Hey all. I apologize for putting so much in one post, but I haven't had a chance to post all week :P
First what I think is a bug. This has to do with alpha blending on the GeForce 256 vs TNT2. I'm blending textured, billboarded polygons with blend function GL_SRC_ALPHA, GL_ONE_MINUS_SRC_ALPHA. The poly's are sorted according to window z coord. The texture environment is GL_MODULATE, the filters are both GL_LINEAR, and the texture format is GL_ALPHA. The typical way of drawing the blended polys is to set the depth mask to GL_FALSE and render them after rendering all opaque objects. Unfortunately, this does not work right on the GeForce. Blending still happens, but instead of my texture fading to totally transparent at the edges of the polygons (which it should do), it has an abrupt cutoff to it when the alpha reaches some small but non-zero value. I believe this is a bug for two reasons. One is that it works right on my TNT2 at home, and the other is that doing glDepthMask(GL_FALSE) causes this to happen WHETHER THE DEPTH TEST IS ENABLED OR NOT!! Is this a driver bug or am I just really missing something? I believe the newest drivers are installed (6.18) on both machines.
Second a question. I find myself rendering a lot of 2-d height fields. I.e. for every x,y value, there is an associated z value. Usually, all the z values change every frame but none of the x and y values do. Is there some way that I can have the graphics card keep the x and y values and just send the z values every frame? That would cut bandwidth to 1/3 of it's current usage, which would be sweet.
Finally, I remember Matt asking for feature suggestions on Nvida graphics cards. Here is one that would be on the top of my list:
Call this extension ZENO_LAZY_SORT_EXT
When GL_BLEND is enabled, every time a polygon gets rendered it's alpha value is checked. If it is not equal to 1.0, that polygon gets stored on the graphics card in some sorted data structure (binary tree, hash table, etc) based upon it's window z coordinate. Then, once SwapBuffers() is called, the card can take this cache of poly's (which is already sorted), put the depth buffer in read-only mode, and draw the polygons. There are SO many benefits to this sort of hardware acceleration:
1) The user does not have to do the math to transform the polygon's z coordinate to window coordinates - the graphics card does this anyway (with T&L), so this saves duplicate math.

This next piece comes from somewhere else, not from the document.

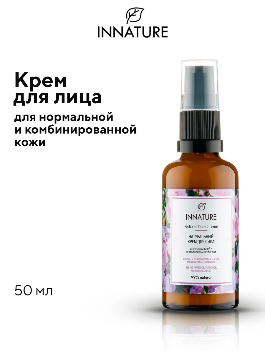 Натуральный крем для нормальной и комбинированной кожи лица интенсивно питает и увлажняет кожу, нормализует водный баланс, поддерживает тонус и эластичность кожи. Решает проблемы расширенных пор и жирного блеска в Т-зоне. Комплекс экстрактов розы, бразильского ореха, маниоки, тмина и тамаринда в составе увлажняет, питает и защищает нежную кожу лица. Д-пантенол защищает кожу от неблагоприятных факторов окружающей среды. Гель алоэ вера увлажняет, освежает и успокаивает кожу. Гиалуроновая кислота способствует удержанию влаги в коже, повышает ее эластичность. Крем можно использовать как базу под макияж. Натуральный крем для нормальной и комбинированной кожи лица INNATURE отличное решение для ухода за вашей кожей лица.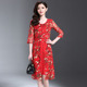 雪纺印花连衣裙夏中长款高端中年妈妈装大码显瘦海边度假沙滩裙子

2) The user does not have to call a sort routine on these transformed coordinates, which is usually n log n time at best.
3) The graphics card could do the sorting at the polygon level. Usually when I do this it is at the object level cuz they're in display lists, so I can't have transparent 3d objects and have them look right (except maybe spheres).
4) The user does not have to separate translucent and opaque objects in his scenes data structures.
Is there some reason that I don't see why this would be an undoable or bad extension? Has it been proposed or does it already exist somewhere?
Thanks in advance for your help,